# Oh, Christmas



## Ursula (Dec 2, 2016)

Christmas is around the corner, and I'm already dreading the family time. This year, my folks and I are travelling to my sister, and we all get to meet her new BF (I've met him already; they haven't). She's only been with him for about 3 months, and they're in love; she got out of a pretty bad marriage not so long ago, and hasn't dated since 1990-ish, so I feel like she's just grappling at whatever attention someone can give her. Don't get me wrong, I'm happy that she's happy, but I don't think this dude is someone that dreams are built on. Perhaps though they can be built on his new mattress that he had restraints installed on. Yeah, I know way too much about this ****.

And then there's my own family drama to work through (they're overbearing, controlling, manipulative and treat me like I'm a mentally challenged 12 year old). It's only 3 days that we're all spending together, so I just need to bear that in mind, and get through it. 
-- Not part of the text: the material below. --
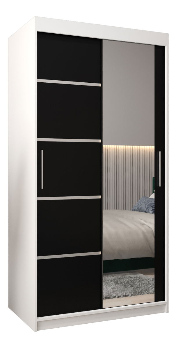 Dulap de haine 100 cm cu oglindă Verika 2 100 (alb + negru)

I also know that Christmases in the future will be different, as if I'm living with my BF and his youngest daughter, that will be where my priorities will lay, and I will be with them for any major holidays. I've already made my immediate family aware of this. 

Three days... Three days... You can do it...


----------



## minimalME (Jan 3, 2012)

Families are hard. I hope you have a good holiday.🎄


----------



## Anastasia6 (May 28, 2017)

Ursula family drama can be so much but you can do it. OR not. If they get to be too overbearing just leave. 

However, I'm more interested in the future Christmas with BF. I mean did you two solve his issues with kids and XW?


----------



## frusdil (Sep 5, 2013)

We're in the middle of a pandemic, use it to your advantage pmsl. I know I would!


----------



## Rus47 (Apr 1, 2021)

Ursula said:


> Christmas is around the corner, and I'm already dreading the family time. This year, my folks and I are travelling to my sister, and we all get to meet her new BF (I've met him already; they haven't). She's only been with him for about 3 months, and they're in love; she got out of a pretty bad marriage not so long ago, and hasn't dated since 1990-ish, so I feel like she's just grappling at whatever attention someone can give her. Don't get me wrong, I'm happy that she's happy, but I don't think this dude is someone that dreams are built on. Perhaps though they can be built on his new mattress that he had restraints installed on. Yeah, I know way too much about this ****.
> 
> And then there's my own family drama to work through (they're overbearing, controlling, manipulative and treat me like I'm a mentally challenged 12 year old). It's only 3 days that we're all spending together, so I just need to bear that in mind, and get through it.
> 
> ...


If don't enjoy Christmas with family, spend the time with whoever you enjoy spending time with, or alone. Spend the time with your BF and his daughter if that would make for happiness. Why should adults be miserable for even one day, let alone three. Life is too short ( and brutal ). Seems sister has better things to do with the time than entertaining guests.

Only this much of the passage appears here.